Kendra Pinto, the Four Corners Indigenous Community Field Advocate from Earthworks joined from the Navajo Nation in New Mexico to describe the impacts of toxic emissions from oil and gas extraction activities. Earthworks documents emissions from fossil fuel extraction operations across the United States.

As a certified thermographer, Pinto captures emissions from drilling equipment, including some owned by Hilcorp, a major gas producer that Carlyle has partnered with in New Mexico.

PESP Research Director Alyssa Giachino said, “Private equity is basically a ‘billionaire factory’ – it has created obscene wealth for its executives using aggressive tactics that often leave a wake of wreckage for workers and communities to deal with after the firm walks away.”

In a recent report with Little Sis, PESP found that private equity firms have invested billions in fossil fuels while their  executives greenwash their reputations through philanthropy.

Private equity is fueling the climate crisis and environmental injustice with investments in fracked gas, offshore drilling, LNG terminals, pipelines, coal and gas plants.

That massive ownership of dirty energy by private equity is bad enough, but it gets even worse:

While public companies like Exxon Mobil, Occidental Petroleum and ConocoPhillips are selling off oil fields – private equity is actually buying them and continuing to drill. While utility companies sell off gas or coal plants, private equity buys them and keeps on polluting.

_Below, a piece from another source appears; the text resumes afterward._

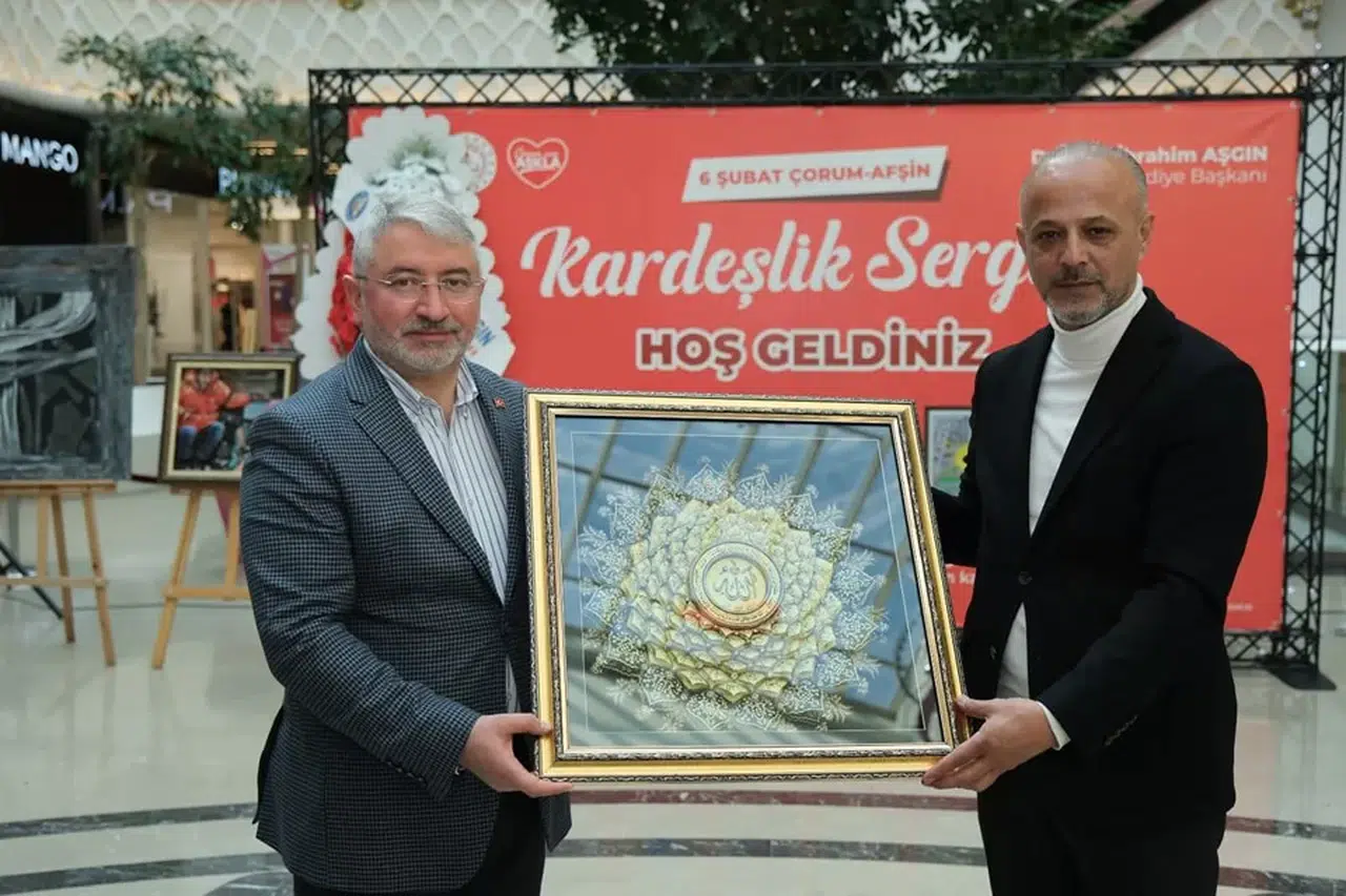 Çorum'da, Kahramanmaraş'ın Afşin ilçesinden görsel sanatlar öğretmen ve öğrencilerinin deprem temalı resimlerinden oluşan "Çorum-Afşin Kardeşlik Sergisi" açıldı.

Private equity firms and their billionaire CEOs have pumped hundreds of billions of dollars into fossil fuels with little scrutiny. Because these firms are exempt from many financial regulations, they largely operate under the radar. 

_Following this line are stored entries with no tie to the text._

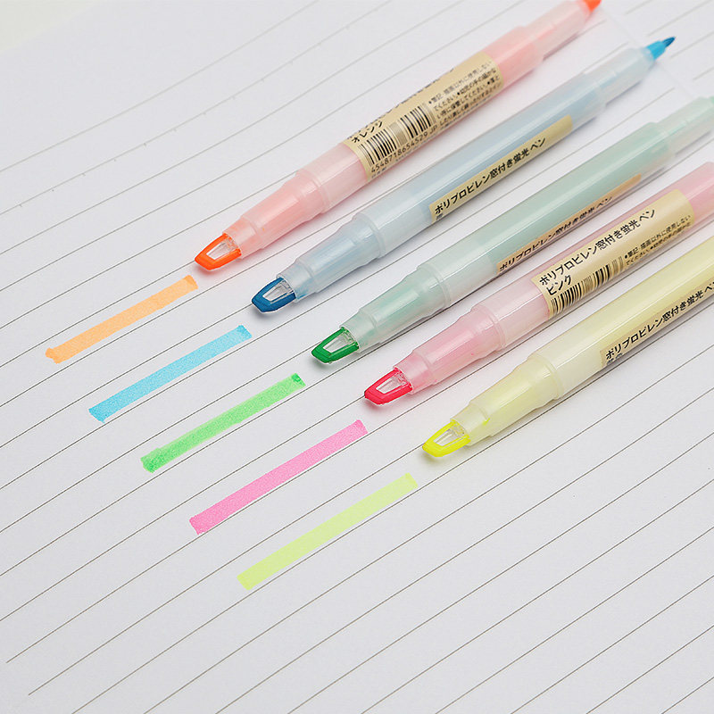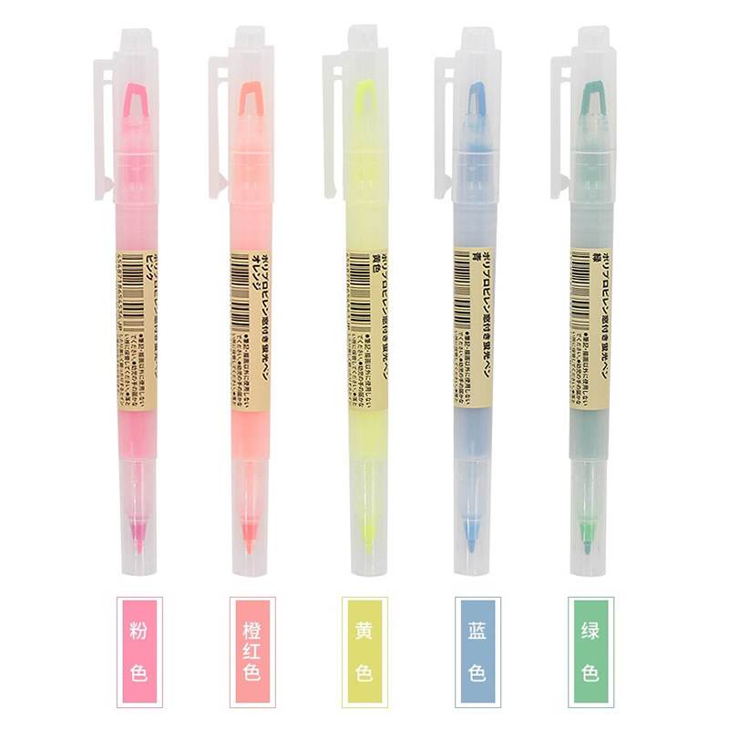 外贸捡漏日本MUJI无印良品橙色双头学生标记笔划重点记号笔荧光笔
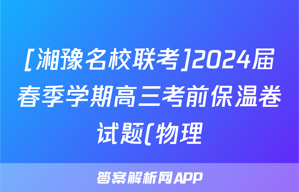 [湘豫名校联考]2024届春季学期高三考前保温卷试题(物理)正在持续更新,目前2026天舟高考答案网为大家整理了相关试题及答案,供大家查缺补漏,高效提升成绩。
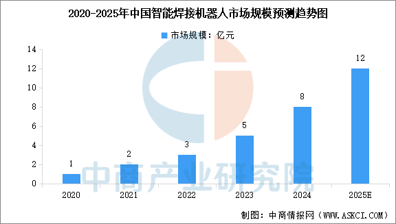 焊接机器人技术正经历从"机械化"到"智能化"的深刻变革,中国智能焊接机器人市场呈现高速增长态势。中商产业研究院发布的《2025-2030年中国智能焊接机器人市场调查与行业前景预测专题研究报告》显示,中国智能焊接机器人市场规模从2020年的1亿元扩大至2024年的8亿元,期间复合年增长率为85.7%。中商产业研究院分析师预测,2025年中国智能焊接机器人市场规模将达到12亿元。
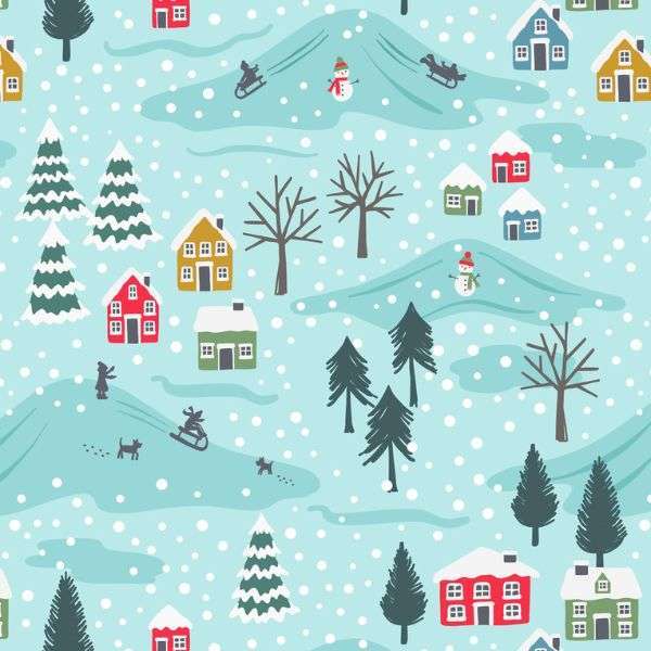 F34.2 Snow Day on Blue (Flannel) by Lewis & Irene features a beautiful winter scene with trees, houses and people playing in the snow.
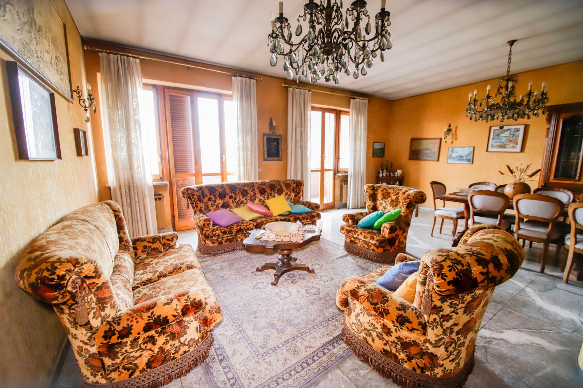 Nelle immediate vicinanze di Via Leinì, sulla direttrice di collegamento con il Comune di Leinì a poca distanza dal Centro del Paese e non distante dal Supermercato LIDL, in palazzina edificata fra gli anni '70 ed '80, in contesto bifamiliare proponiamo appartamento, libero all'Atto Notarile di ampie dimensioni, dotato di tripla esposizione così composto:
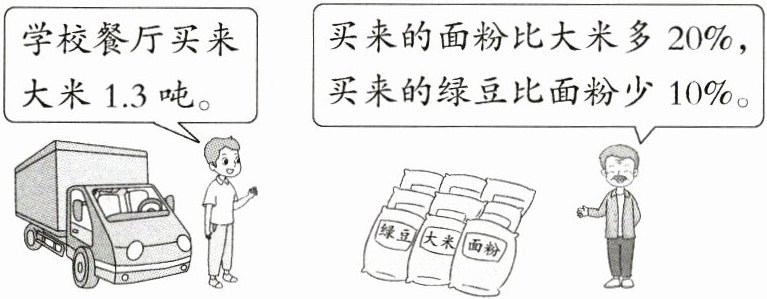 学校餐厅买来大米1.3吨。买来的面粉比大米多20%,买来的绿豆比面粉少10%。

Research and Campaign Coordinator Amanda Mendoza focused on one of the largest private equity firms with $300 billion dollars in assets under management, The Carlyle Group. She shared that “Carlyle has roughly $24 billion dollars in fossil fuels, owning dozens of oil and gas companies and through a major stake in another firm called NGP Energy Capital.” Carlyle and NGP’s investments include gas-fired power plants in the Northeast, as well as drilling operations in Texas, Oklahoma and even in South America, Africa, and Southeast Asia. 

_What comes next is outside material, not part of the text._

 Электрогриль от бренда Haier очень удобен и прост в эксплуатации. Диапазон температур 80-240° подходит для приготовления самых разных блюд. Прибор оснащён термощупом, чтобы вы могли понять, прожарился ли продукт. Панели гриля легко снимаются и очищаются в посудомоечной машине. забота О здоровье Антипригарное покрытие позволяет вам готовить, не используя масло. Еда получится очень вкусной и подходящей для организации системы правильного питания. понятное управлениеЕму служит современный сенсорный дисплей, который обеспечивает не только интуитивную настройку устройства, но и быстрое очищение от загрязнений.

The Co-founder and Co-chairman of Carlyle is billionaire David Rubenstein, who donates millions to prestigious cultural institutions and universities. Rubenstein serves as Chairman of the Kennedy Center for the Performing Arts, the Council on Foreign Relations, the Economic Club of Washington DC, and the National Gallery of Art. He is also a Trustee of Harvard and the University of Chicago.

Although the private equity industry operates in the shadows, activists are calling on cultural and academic institutions to cut ties with Carlyle and Rubenstein until they clean up their act. Webinar participants took action at to email the institutions affiliated with Rubenstein, asking them to dump him from their boards.

This was the third of Stop the Money Pipeline’s 5-part Toxic Money Training Series to not only expose the financial institutions fueling the climate crisis, but most importantly to organize collective action to rein them in.